• Assignment:
Without any pictures, the records below should be reproduced exactly.

• Records provided:
***
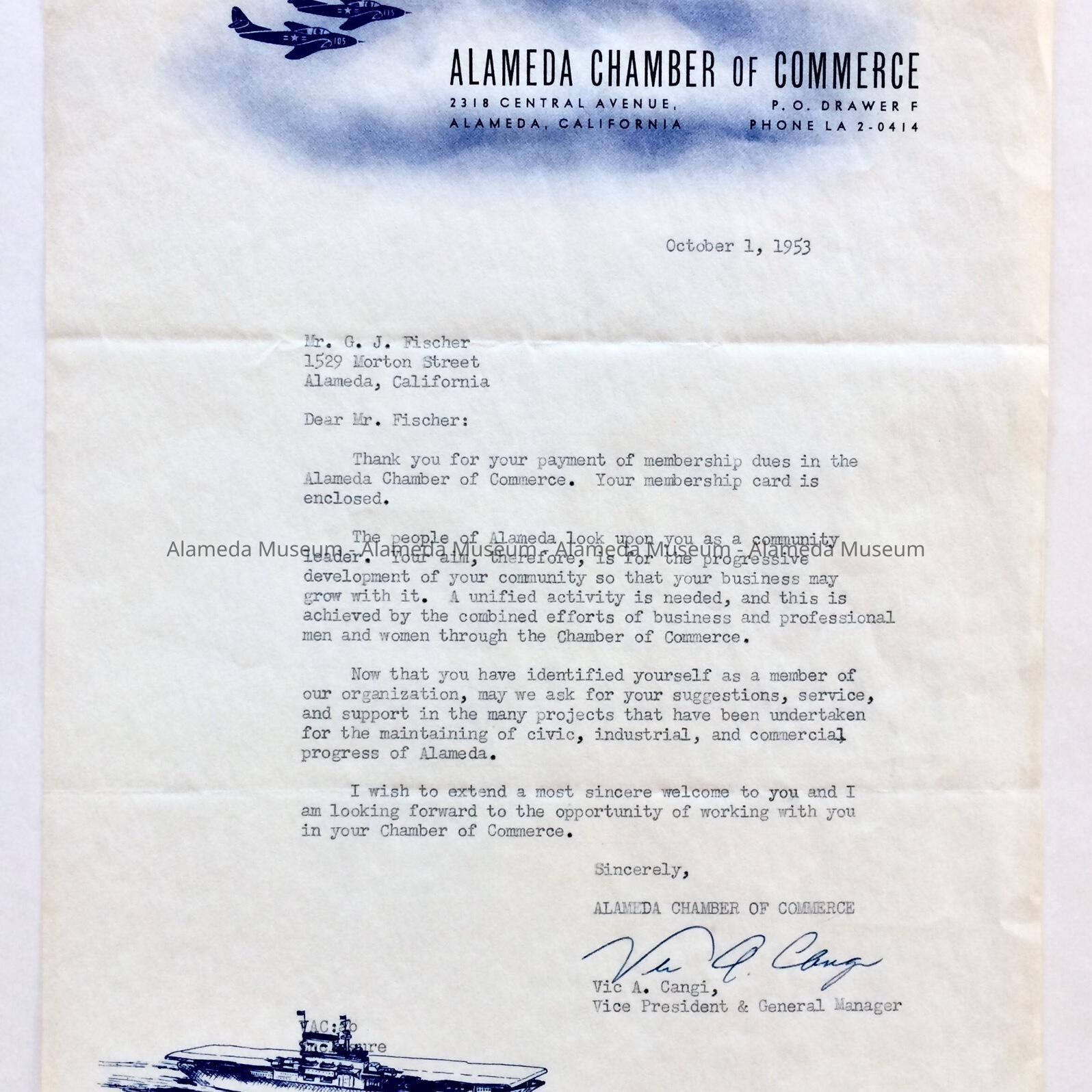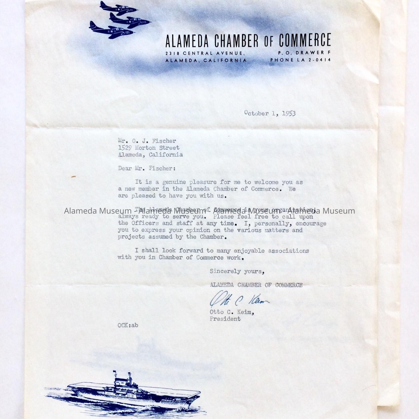 TWO LETTERS FROM THE ALAMEDA CHAMBER OF COMMERCE. 2318 CENTRAL AVENUE, ALAMEDA, DATED OCTOBER 1, 1953. ADDRESSED TO G J FISCHER, 1529 MORTON STREET, ALAMEDA. LETTERS EXPRESS GRATITUDE TO MR FISCHER FOR HAVING JOINED THE ALAMEDA CHAMBER OF COMMERCE, AND FOR HAVING PAID MEMBERSHIP DUES.
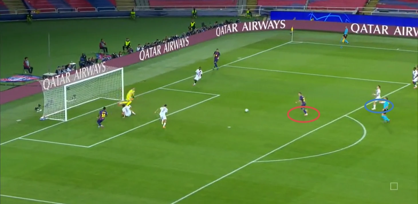 Решающий мяч Рамуш забил после неудачного высокого прессинга «сине-гранатовых» в момент, когда «Барселона» восстанавливала структуру обороны (Кубарси вышел непозволительно высоко, как для центрального защитника, чтобы встретить соперника, в этот момент его зону прикрывал Бальде), совершив «движение Анри». Недавно нашумела аналитика французского нападающего по грамотному позиционированию форварда в положении вне игры и моменту включения в эпизод (советую отдельно найти разбор).
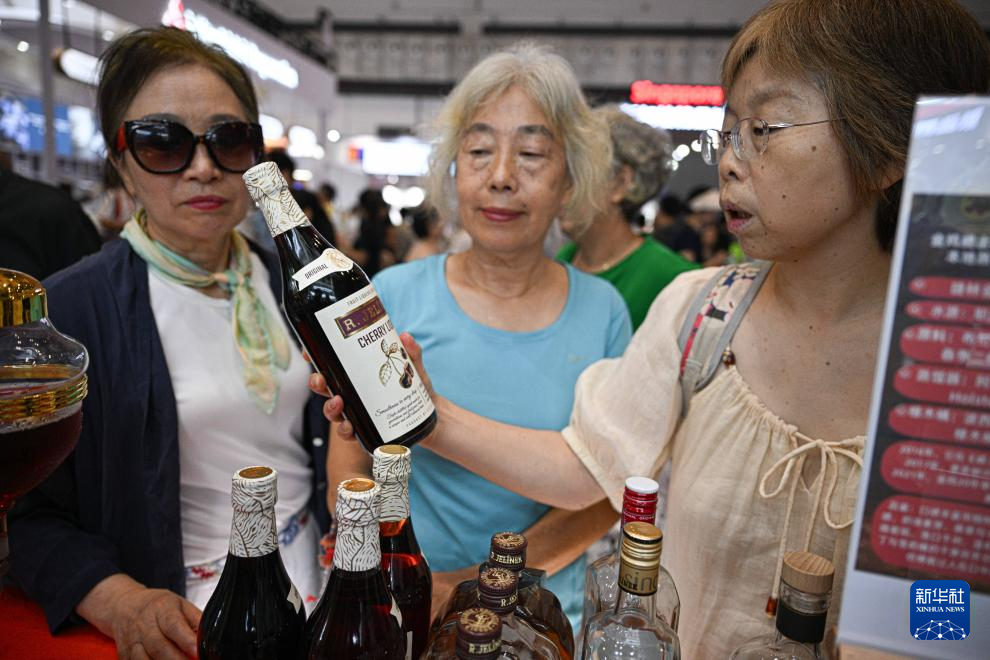 4月16日,在第六届消博会全球特色消费展区,观众选购进口商品。新华社记者 蒲晓旭 摄
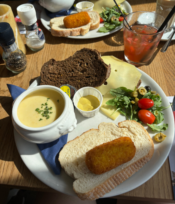 We all had their taste of Gouda lunch plate called “Gouds trio – kaassoep, kaaskroket en broodje Goudse boeren belegen”, which is the first option under the section “Warme lunchgerechten” or “Hot lunches“. This meal comes with a Gouda trio cheese soup, a croquette, and a Gouda farmer’s sandwich with mature cheese.
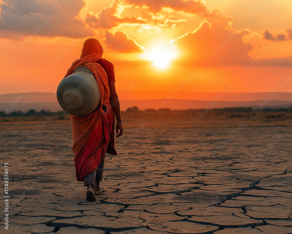 Indian Rajasthani woman walking in desert for water #1748374073
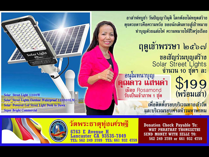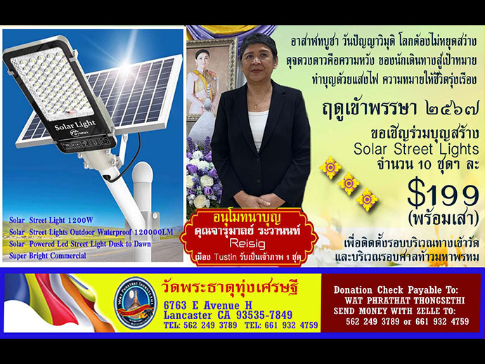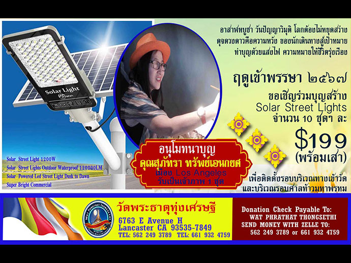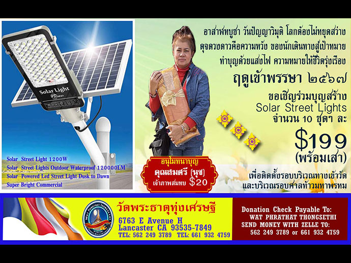 ในกาลนี้ทางวัดพระธาตุทุ่งเศรษฐี ได้บูรณาการพิธีถวายเทียนพรรษามาเป็นการถวาย Solar Street Lights จำนวน 10 ชุดๆ $199.00 (พร้อมเสา แทนการถวายเทียน) หรือถ้ามีเจ้าภาพไม่ครบก็สามารถจัดไว้ในโครงการตลอดพรรษาได้ หรือ อาจถ้ามีเจ้าภาพจองมากกว่าก็จะพิจารณาจัดประโยชน์อื่นๆ ได้ สำคัญต้องมีต้นทุนนั่นเอง ฯ
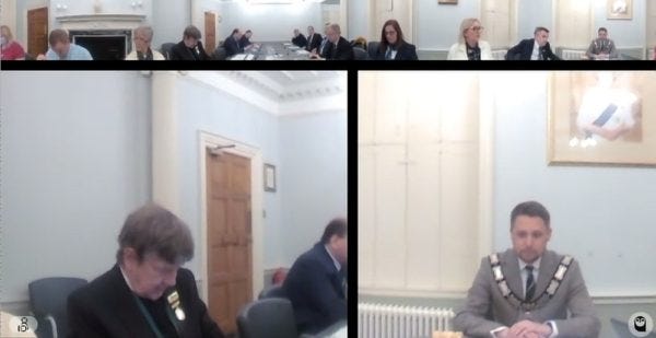 We had asked for a Zoom link and the council had sent us one, so we were watching live as Danielle Chamberlin told Mayor Visser that she had been punished in Scientology by Hubbard by being stuffed in a ship’s chain locker.
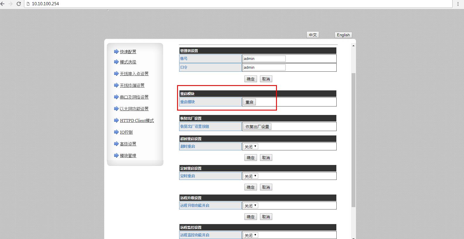 USR-WIFI232-B2默認Ip是10.10.100.254,用這個Ip,在瀏覽器輸入,進入USR-WIFI232-B2的內置網頁,可以對B2模塊進行參數查看和參數配置。登錄用戶名和密碼都是admin。
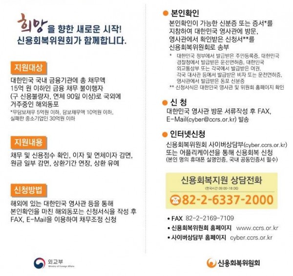 재외동포 신용회복 지원제도 USR 톡톡방 0 1053 2023.10.27 16:55 전화기 컴퓨터로 보는 업소록, 지역 생활정보 -한인업소록닷컴- (업소록.com, 한인업소록.com, Upsorok.com, HaninUpsorok.com)
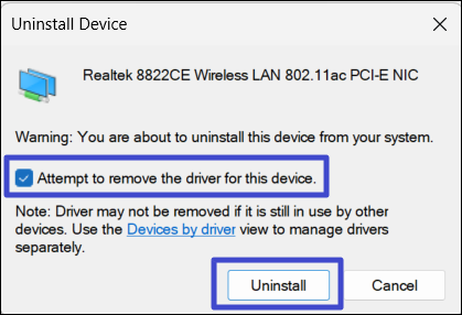 4. Verifique o “Tente remover o driver deste dispositivo”opção e clique em “Desinstalar“.
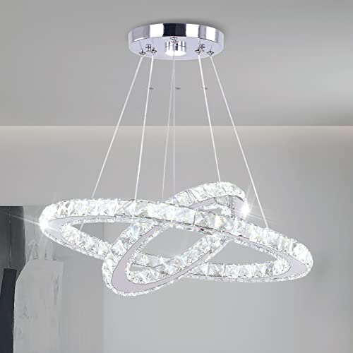 Finktonglan Modern taklampa i kristall med LED-lampor, justerbar ljuskrona, 30 x 50 cm, rostfritt stål, hängande lampor för matsal och vardagsrum (kall vit)
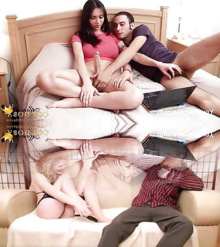 Tgirl fucked by daddy while boy toys watch
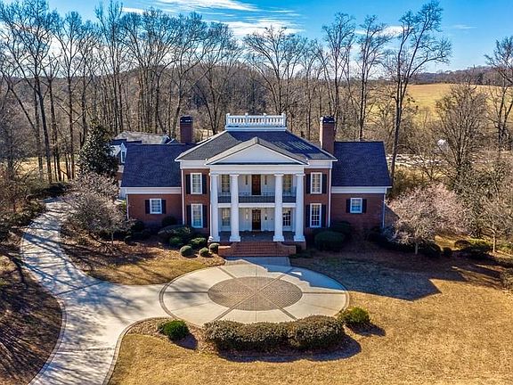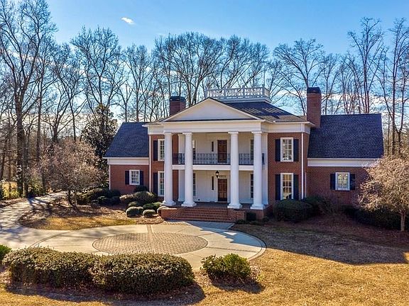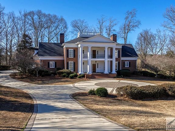 Amazing Georgian architecture abounds in this recently renovated elegant Southern Estate with new roof and gutters, 2 home offices, 10 ft. ceilings, double balconies and stately white columns. Upon entering the grand two-story marble foyer with its curved custom wrought iron and marble staircase, you will be in awe of the architectural details. The wrought iron railing outlines two upper balconies, one of which overlooks the foyer and family room. The marble flooring features a center mosaic and extends into the formal dining room. The handsome study features cherry Judge's paneling and matching floor to ceiling bookshelves to create the perfect work retreat. A cozy fireplace compliments this handsome home office. The gourmet kitchen provides an abundance of granite countertop space, custom cabinetry finished with intricately carved borders and a large center island. The refrigerator and dishwasher doors are paneled to blend in with the cabinetry and to help accent the high end stainless steel appliances. The two-story family room is anchored by a beautiful marble fireplace and multiple access points to the rear paver patio. An abundance of natural light makes this a phenomenal living space, and it overlooks the well groomed golf course. The extra large master suite, with marble fireplace, is adjoined by a beautiful spa bath and huge walk-in closet with cherry stained built-in cabinetry providing an abundance of hanging space and drawer space in the closet island. The second level features another master suite with a separate sitting room w/ marble fireplace, and en suite bath. The closet for this upstairs master is exceptionally large, and could double as an upstairs workout room. Two additional bedrooms are located upstairs, as well as an extremely large finished bonus room over the 3 car garage. The cherry glass display cabinets with interior lighting span an entire wall in the bonus room and were custom designed to showcase any type of memorable collection. The partially finished terrace level has a theater room with theatre seating and red and black acoustical suede covered walls. A 100+ inch built-in theater screen and all theater seating convey with the home. An exercise room with full bath has also located in the terrace level, and can be used as an additional guest suite. The Georgia Club offers members 27 holes of golf, two pools, 6 clay tennis courts and a club house with fine dining.
***
• Response area:
 TWO LETTERS FROM THE ALAMEDA CHAMBER OF COMMERCE. 2318 CENTRAL AVENUE, ALAMEDA, DATED OCTOBER 1, 1953. ADDRESSED TO G J FISCHER, 1529 MORTON STREET, ALAMEDA. LETTERS EXPRESS GRATITUDE TO MR FISCHER FOR HAVING JOINED THE ALAMEDA CHAMBER OF COMMERCE, AND FOR HAVING PAID MEMBERSHIP DUES.
 Решающий мяч Рамуш забил после неудачного высокого прессинга «сине-гранатовых» в момент, когда «Барселона» восстанавливала структуру обороны (Кубарси вышел непозволительно высоко, как для центрального защитника, чтобы встретить соперника, в этот момент его зону прикрывал Бальде), совершив «движение Анри». Недавно нашумела аналитика французского нападающего по грамотному позиционированию форварда в положении вне игры и моменту включения в эпизод (советую отдельно найти разбор).
 4月16日,在第六届消博会全球特色消费展区,观众选购进口商品。新华社记者 蒲晓旭 摄
 We all had their taste of Gouda lunch plate called “Gouds trio – kaassoep, kaaskroket en broodje Goudse boeren belegen”, which is the first option under the section “Warme lunchgerechten” or “Hot lunches“. This meal comes with a Gouda trio cheese soup, a croquette, and a Gouda farmer’s sandwich with mature cheese.
 Indian Rajasthani woman walking in desert for water #1748374073
 ในกาลนี้ทางวัดพระธาตุทุ่งเศรษฐี ได้บูรณาการพิธีถวายเทียนพรรษามาเป็นการถวาย Solar Street Lights จำนวน 10 ชุดๆ $199.00 (พร้อมเสา แทนการถวายเทียน) หรือถ้ามีเจ้าภาพไม่ครบก็สามารถจัดไว้ในโครงการตลอดพรรษาได้ หรือ อาจถ้ามีเจ้าภาพจองมากกว่าก็จะพิจารณาจัดประโยชน์อื่นๆ ได้ สำคัญต้องมีต้นทุนนั่นเอง ฯ
 We had asked for a Zoom link and the council had sent us one, so we were watching live as Danielle Chamberlin told Mayor Visser that she had been punished in Scientology by Hubbard by being stuffed in a ship’s chain locker.
 USR-WIFI232-B2默認Ip是10.10.100.254,用這個Ip,在瀏覽器輸入,進入USR-WIFI232-B2的內置網頁,可以對B2模塊進行參數查看和參數配置。登錄用戶名和密碼都是admin。
 재외동포 신용회복 지원제도 USR 톡톡방 0 1053 2023.10.27 16:55 전화기 컴퓨터로 보는 업소록, 지역 생활정보 -한인업소록닷컴- (업소록.com, 한인업소록.com, Upsorok.com, HaninUpsorok.com)
 4. Verifique o “Tente remover o driver deste dispositivo”opção e clique em “Desinstalar“.
 Finktonglan Modern taklampa i kristall med LED-lampor, justerbar ljuskrona, 30 x 50 cm, rostfritt stål, hängande lampor för matsal och vardagsrum (kall vit)
 Tgirl fucked by daddy while boy toys watch
 Amazing Georgian architecture abounds in this recently renovated elegant Southern Estate with new roof and gutters, 2 home offices, 10 ft. ceilings, double balconies and stately white columns. Upon entering the grand two-story marble foyer with its curved custom wrought iron and marble staircase, you will be in awe of the architectural details. The wrought iron railing outlines two upper balconies, one of which overlooks the foyer and family room. The marble flooring features a center mosaic and extends into the formal dining room. The handsome study features cherry Judge's paneling and matching floor to ceiling bookshelves to create the perfect work retreat. A cozy fireplace compliments this handsome home office. The gourmet kitchen provides an abundance of granite countertop space, custom cabinetry finished with intricately carved borders and a large center island. The refrigerator and dishwasher doors are paneled to blend in with the cabinetry and to help accent the high end stainless steel appliances. The two-story family room is anchored by a beautiful marble fireplace and multiple access points to the rear paver patio. An abundance of natural light makes this a phenomenal living space, and it overlooks the well groomed golf course. The extra large master suite, with marble fireplace, is adjoined by a beautiful spa bath and huge walk-in closet with cherry stained built-in cabinetry providing an abundance of hanging space and drawer space in the closet island. The second level features another master suite with a separate sitting room w/ marble fireplace, and en suite bath. The closet for this upstairs master is exceptionally large, and could double as an upstairs workout room. Two additional bedrooms are located upstairs, as well as an extremely large finished bonus room over the 3 car garage. The cherry glass display cabinets with interior lighting span an entire wall in the bonus room and were custom designed to showcase any type of memorable collection. The partially finished terrace level has a theater room with theatre seating and red and black acoustical suede covered walls. A 100+ inch built-in theater screen and all theater seating convey with the home. An exercise room with full bath has also located in the terrace level, and can be used as an additional guest suite. The Georgia Club offers members 27 holes of golf, two pools, 6 clay tennis courts and a club house with fine dining.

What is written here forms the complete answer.